## WHAT YOU HAVE TO DO
Among the records that follow, find the line with "男性向けラノベタイトル風あだ名 | 『転生したらウカヤンだった件』 |" and the line with "绿星1号:口感脆甜不辣,瓤色". Set down those lines and all lines between them exactly, without adding anything.

## MATERIAL SHOWN
%%
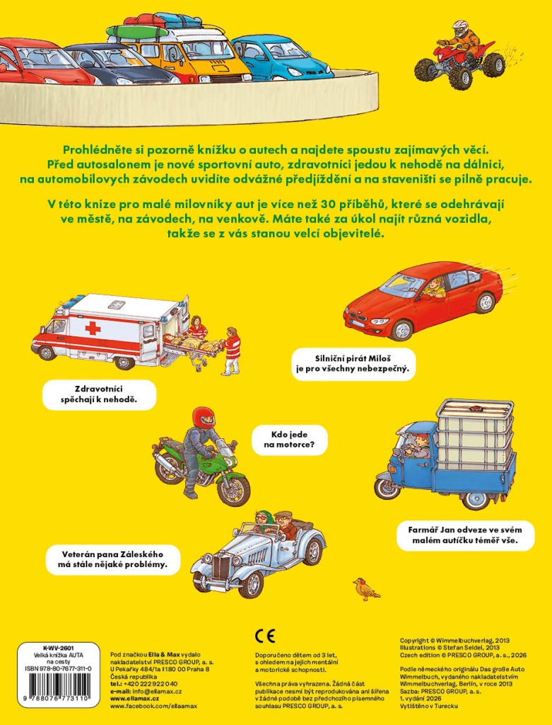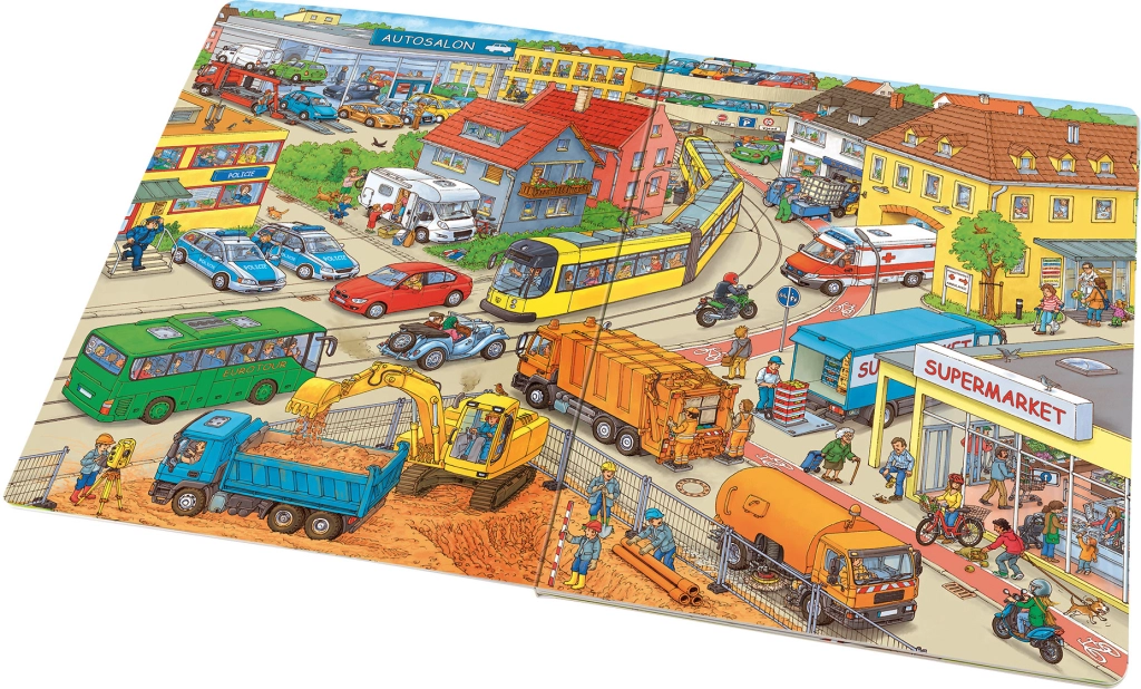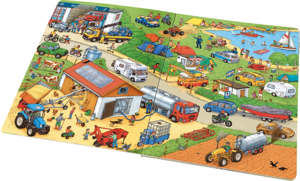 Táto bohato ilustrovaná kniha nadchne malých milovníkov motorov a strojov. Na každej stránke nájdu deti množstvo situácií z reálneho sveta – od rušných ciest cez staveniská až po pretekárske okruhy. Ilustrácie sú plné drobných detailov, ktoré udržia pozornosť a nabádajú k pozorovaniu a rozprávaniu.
%%
%%
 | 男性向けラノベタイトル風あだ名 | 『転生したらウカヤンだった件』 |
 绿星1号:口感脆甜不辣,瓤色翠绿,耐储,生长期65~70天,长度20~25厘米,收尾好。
%%
%%
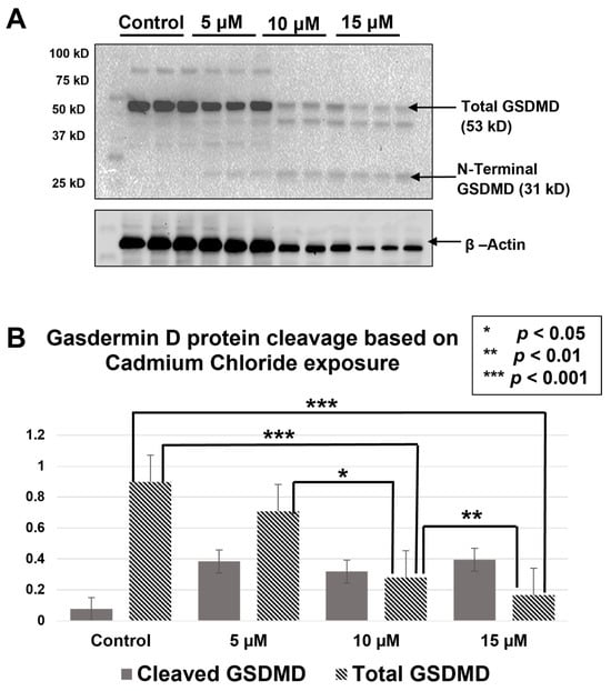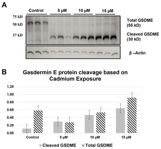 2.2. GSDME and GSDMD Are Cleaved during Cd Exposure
%%
## RESULT
 | 男性向けラノベタイトル風あだ名 | 『転生したらウカヤンだった件』 |
 绿星1号:口感脆甜不辣,瓤色翠绿,耐储,生长期65~70天,长度20~25厘米,收尾好。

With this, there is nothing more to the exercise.